(What the exercise asks):
The whole listing, pictures aside, should be reproduced exactly.

(Data below):
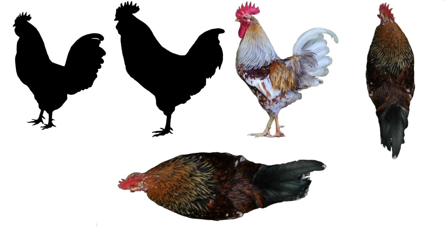 We can see that there is a common body shape, even between the 7 month old cockerel on the far left and the fully mature Soren (2nd from the left).
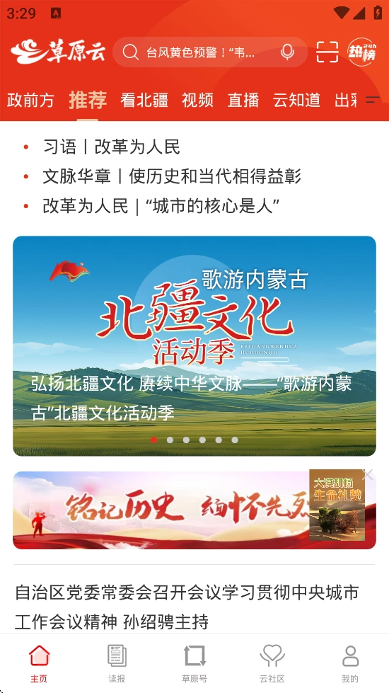 1、草原客户端定位为“新闻+”模式,其功能主要涵盖新闻与服务两大板块。
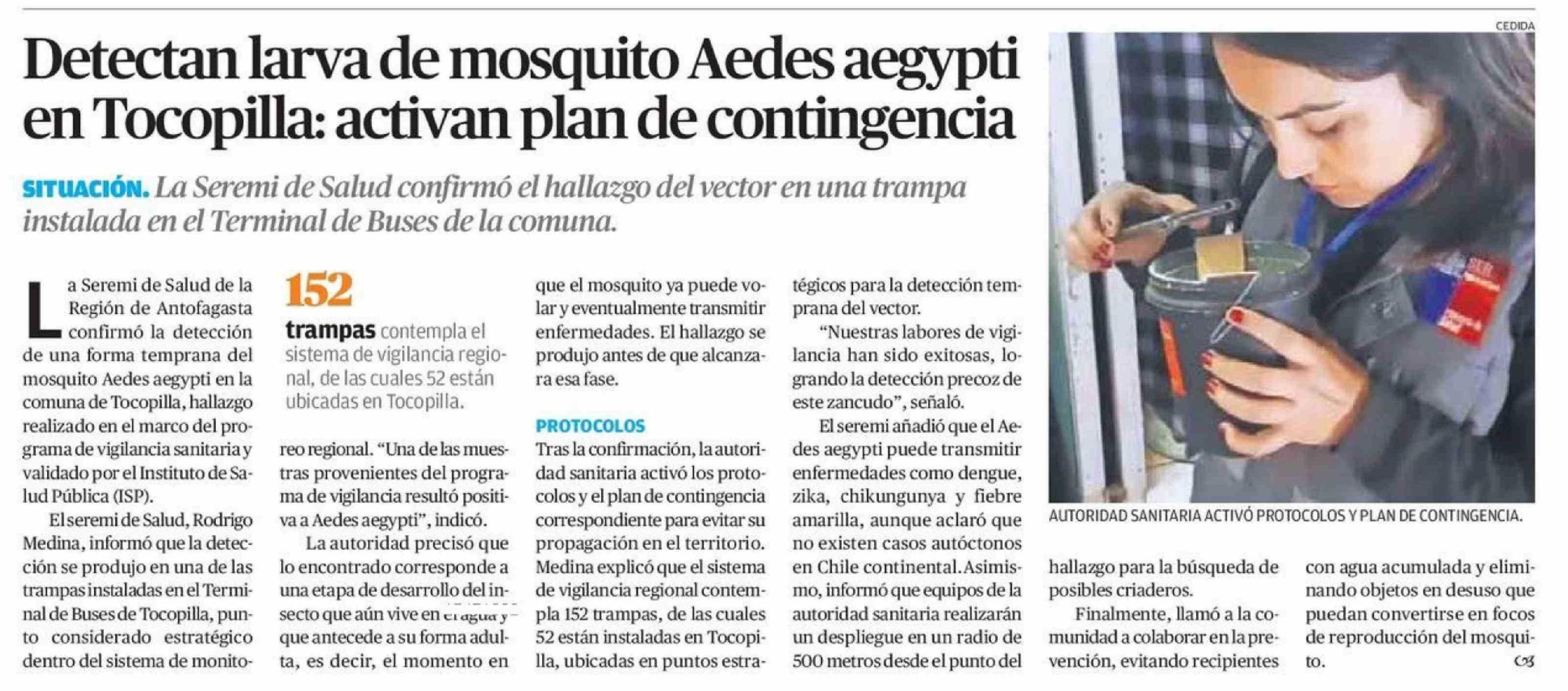 Detectan larva de mosquito Aedes aegypti en Tocopilla: activan plan de contingencia

(Response to the exercise):
 We can see that there is a common body shape, even between the 7 month old cockerel on the far left and the fully mature Soren (2nd from the left).
 1、草原客户端定位为“新闻+”模式,其功能主要涵盖新闻与服务两大板块。
 Detectan larva de mosquito Aedes aegypti en Tocopilla: activan plan de contingencia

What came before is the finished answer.